* [Data provided]
+++
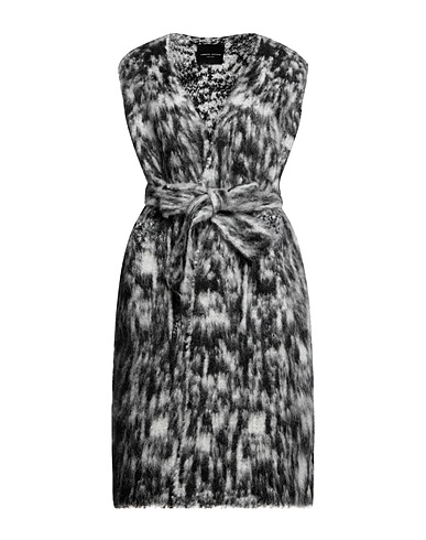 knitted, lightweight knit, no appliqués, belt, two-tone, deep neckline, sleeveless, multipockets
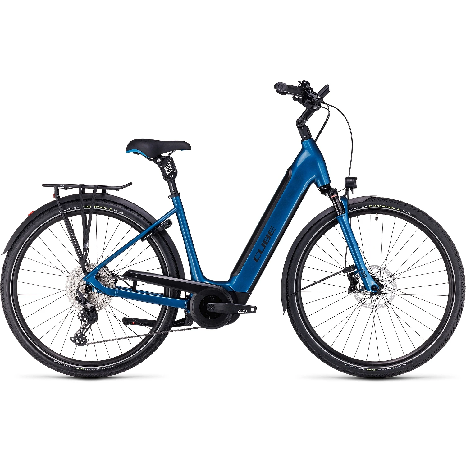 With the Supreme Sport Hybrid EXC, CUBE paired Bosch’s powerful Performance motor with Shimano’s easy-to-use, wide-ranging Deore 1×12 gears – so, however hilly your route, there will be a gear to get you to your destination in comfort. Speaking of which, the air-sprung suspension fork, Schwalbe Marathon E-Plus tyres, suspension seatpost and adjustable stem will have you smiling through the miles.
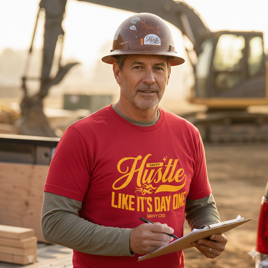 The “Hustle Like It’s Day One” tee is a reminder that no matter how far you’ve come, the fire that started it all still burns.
+++
* [Activity] Word for word, reproduce the material above and omit each image.

* [Output]
 knitted, lightweight knit, no appliqués, belt, two-tone, deep neckline, sleeveless, multipockets
 With the Supreme Sport Hybrid EXC, CUBE paired Bosch’s powerful Performance motor with Shimano’s easy-to-use, wide-ranging Deore 1×12 gears – so, however hilly your route, there will be a gear to get you to your destination in comfort. Speaking of which, the air-sprung suspension fork, Schwalbe Marathon E-Plus tyres, suspension seatpost and adjustable stem will have you smiling through the miles.
 The “Hustle Like It’s Day One” tee is a reminder that no matter how far you’ve come, the fire that started it all still burns.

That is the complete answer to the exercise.